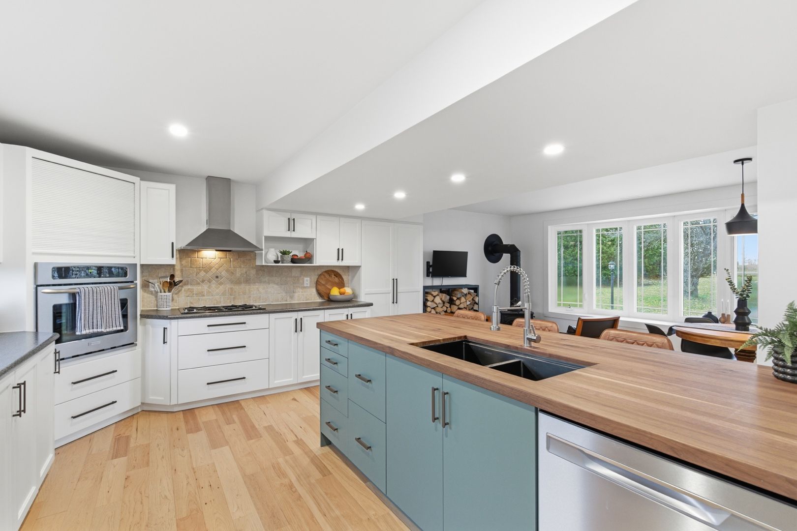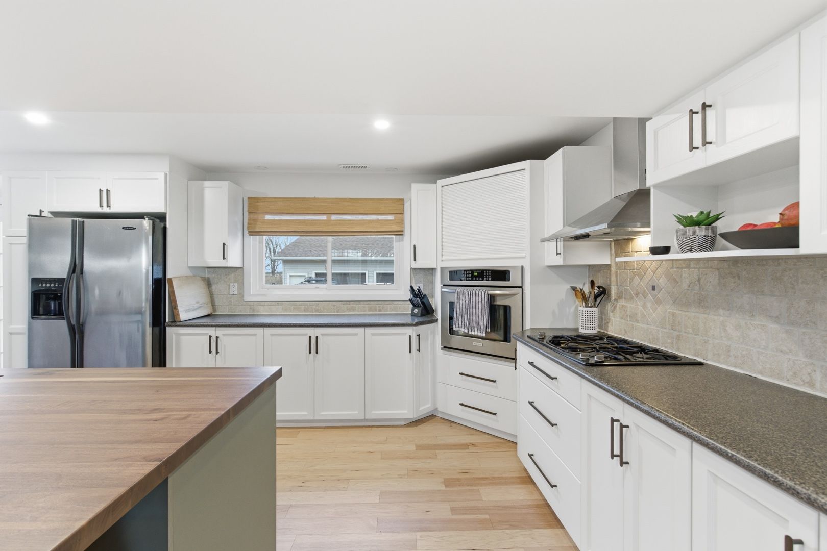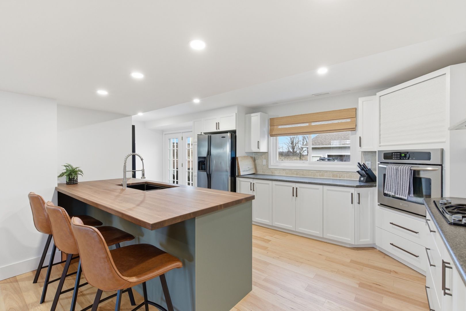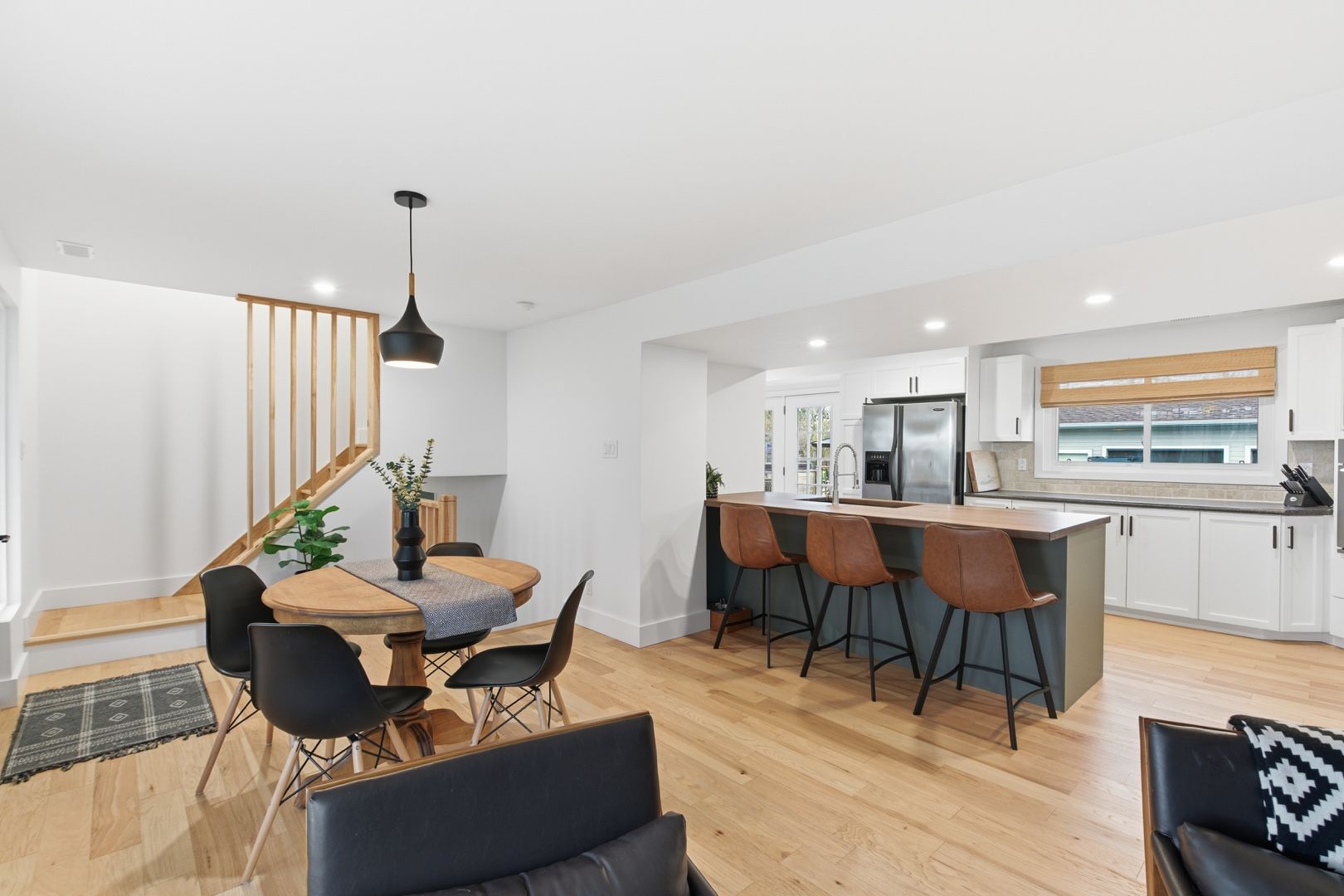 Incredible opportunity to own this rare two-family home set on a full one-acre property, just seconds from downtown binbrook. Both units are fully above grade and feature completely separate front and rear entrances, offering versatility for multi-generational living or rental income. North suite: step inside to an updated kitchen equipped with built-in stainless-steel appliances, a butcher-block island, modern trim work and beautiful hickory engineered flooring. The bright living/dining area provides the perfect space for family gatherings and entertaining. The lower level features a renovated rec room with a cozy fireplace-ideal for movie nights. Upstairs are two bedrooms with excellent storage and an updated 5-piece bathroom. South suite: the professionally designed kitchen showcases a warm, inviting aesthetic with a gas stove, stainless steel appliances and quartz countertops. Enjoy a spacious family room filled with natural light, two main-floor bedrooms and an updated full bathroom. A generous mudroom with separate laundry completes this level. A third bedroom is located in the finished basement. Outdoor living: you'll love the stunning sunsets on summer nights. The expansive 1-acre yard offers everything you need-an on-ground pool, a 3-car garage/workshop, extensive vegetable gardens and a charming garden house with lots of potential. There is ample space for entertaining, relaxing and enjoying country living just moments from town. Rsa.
...
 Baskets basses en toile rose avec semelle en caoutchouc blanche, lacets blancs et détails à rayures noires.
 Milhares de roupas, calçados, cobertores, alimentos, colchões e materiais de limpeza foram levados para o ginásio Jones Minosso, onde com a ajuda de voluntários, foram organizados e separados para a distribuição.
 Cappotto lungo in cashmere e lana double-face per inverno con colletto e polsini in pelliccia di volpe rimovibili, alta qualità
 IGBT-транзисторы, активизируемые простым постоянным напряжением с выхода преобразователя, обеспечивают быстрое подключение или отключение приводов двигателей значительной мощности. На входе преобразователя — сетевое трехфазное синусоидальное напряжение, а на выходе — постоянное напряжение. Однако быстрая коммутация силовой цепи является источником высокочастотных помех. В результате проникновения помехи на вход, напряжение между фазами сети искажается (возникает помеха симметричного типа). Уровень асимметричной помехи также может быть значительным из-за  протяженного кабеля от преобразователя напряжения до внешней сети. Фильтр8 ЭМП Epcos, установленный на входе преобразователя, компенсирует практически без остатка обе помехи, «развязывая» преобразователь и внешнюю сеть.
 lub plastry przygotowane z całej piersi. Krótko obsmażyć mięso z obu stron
...
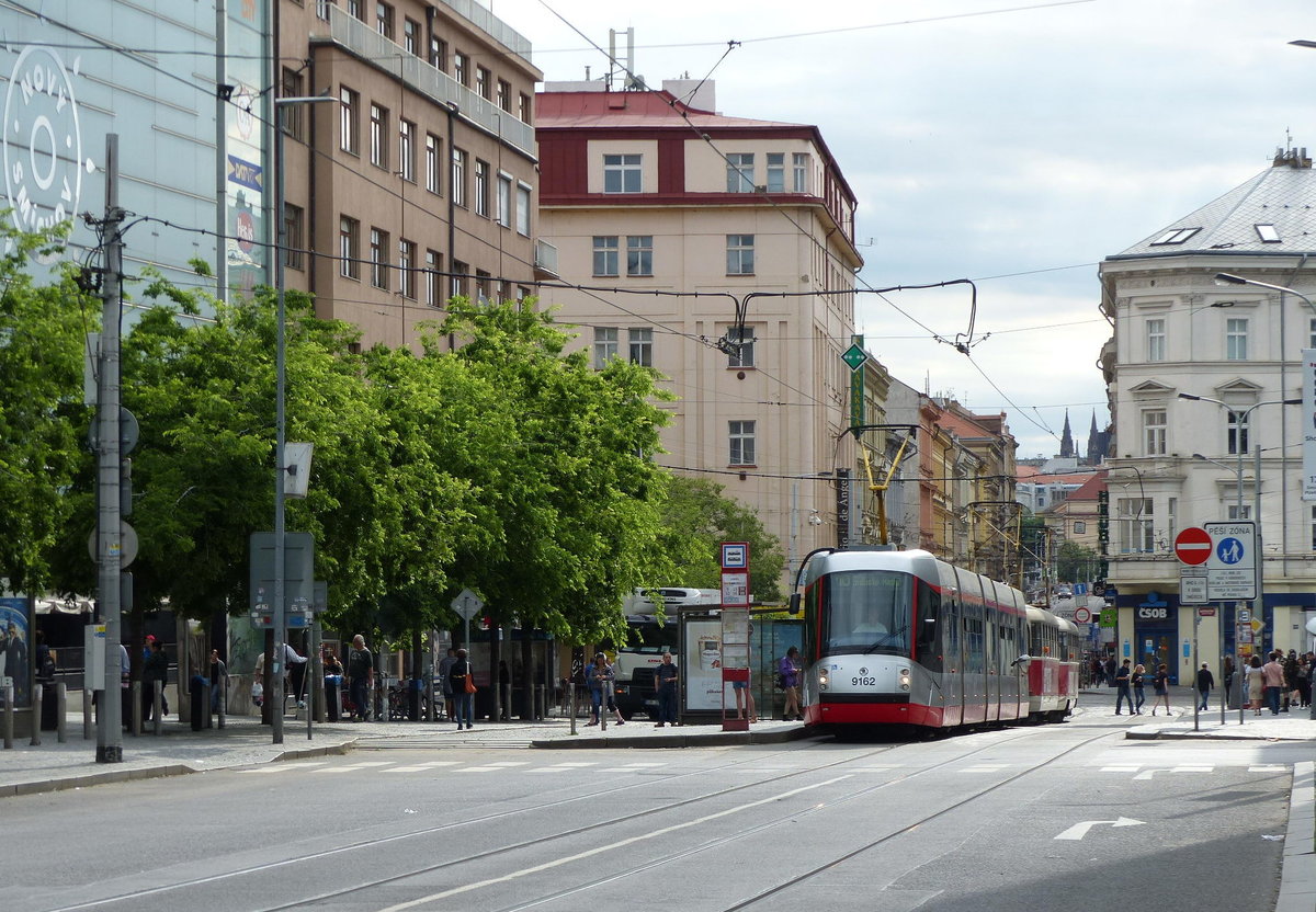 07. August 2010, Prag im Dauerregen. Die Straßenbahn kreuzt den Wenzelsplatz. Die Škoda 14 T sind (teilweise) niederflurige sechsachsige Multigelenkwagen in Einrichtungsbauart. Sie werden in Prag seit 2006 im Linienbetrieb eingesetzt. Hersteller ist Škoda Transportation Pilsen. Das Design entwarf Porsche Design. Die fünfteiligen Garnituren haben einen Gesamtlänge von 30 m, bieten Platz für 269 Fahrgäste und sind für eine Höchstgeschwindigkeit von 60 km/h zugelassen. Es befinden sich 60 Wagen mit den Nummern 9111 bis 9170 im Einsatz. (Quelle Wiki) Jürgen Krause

◆ **Exercise**
Repeat exactly the lines above from the one with "IGBT-транзисторы, активизируемые простым" up to and including the one with "lub plastry przygotowane". No other line belongs in the reply.

◆ **Answer space**
 IGBT-транзисторы, активизируемые простым постоянным напряжением с выхода преобразователя, обеспечивают быстрое подключение или отключение приводов двигателей значительной мощности. На входе преобразователя — сетевое трехфазное синусоидальное напряжение, а на выходе — постоянное напряжение. Однако быстрая коммутация силовой цепи является источником высокочастотных помех. В результате проникновения помехи на вход, напряжение между фазами сети искажается (возникает помеха симметричного типа). Уровень асимметричной помехи также может быть значительным из-за  протяженного кабеля от преобразователя напряжения до внешней сети. Фильтр8 ЭМП Epcos, установленный на входе преобразователя, компенсирует практически без остатка обе помехи, «развязывая» преобразователь и внешнюю сеть.
 lub plastry przygotowane z całej piersi. Krótko obsmażyć mięso z obu stron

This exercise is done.